Фред уже давно думал, что убьет его, как только увидит. Пусть оно принимает любой облик — юношу оно не запутает и не запугает.
Только вот в глубине души он понимал, что у него не поднимется рука погубить живое. Пусть ненавистное, пусть недостойное существовать — как Фред будет жить, зная, что он убийца?.. Должны же быть другие способы!
Юноша отчего-то силился заглушить этот голос, все шептал себе: «Должен убить!»
Так или иначе, Фред шел дальше. Он доберется до тени — а там будь, что будет.

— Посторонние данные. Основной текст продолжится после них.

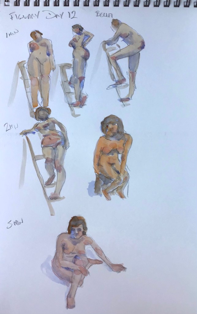 Figuary day 12. Today’s poses were all about foreshortening which is notoriously difficult to draw. The brain refuses to accept that sometimes the head can look bigger than the body or a knee cap is larger than a shoulder so you have to switch off the part of the brain that names things and just draw shapes, difficult to do within the allotted times!

Раньше он сокрушался, что мало где был; зато теперь он повидал столько всего! Он прошел множество городов, он ночевал в полях, он видел, как первые лучи солнца падают на синий снег и как закат золотит стены. Он больше не боялся ни темноты, ни леса, ни одиночества.

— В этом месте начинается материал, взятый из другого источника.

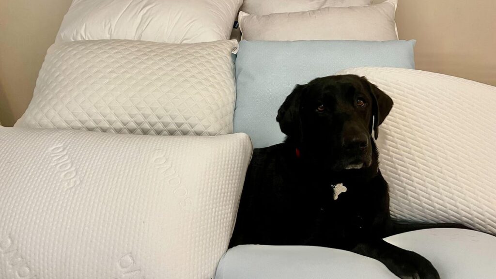 I’m a combination sleeper, meaning I often switch to sleeping on my side or my stomach. Although I’ve tested more than 25 pillows (and another 10 for this article), I thought it would be best to consult a more consistent back sleeper for a second opinion. My boyfriend, who’s a strict back sleeper, helped me test and pick these pillows. We both spent a few nights sleeping and lounging on them (my dog included). The pillows that made this list are truly the best of the best for back sleepers.

Фред постучался в дом, который стоял на холме. Странник хорошо знал, кто здесь живет, он мог сказать, где спряталось гнездо ос и где что растет в огороде. Зачем же он вошел на порог? Зачем представился другим именем и выдумал себе другую жизнь?
Он любил это место. Пусть сейчас отчего-то дом остался один, пусть его бросили соседи, машины и квартиры — он был все тем же. Узнал ли он Фреда? Если и да, то ничего не сказал…
Дом был старый, он дрожал от ветров и плакал в дождь, он охал и стонал, когда кто-то слишком тяжело ходил. Единственной его подругой была старая яблоня, давно уже почти не дающая плодов; они поддерживали друг друга и потому не падали. На остальных они внимания не обращали — ни на обитателей грядок, исчезающих зимой, ни на уродливое чучело с пустыми глазами, ни на храбро ползущие по забору кусты.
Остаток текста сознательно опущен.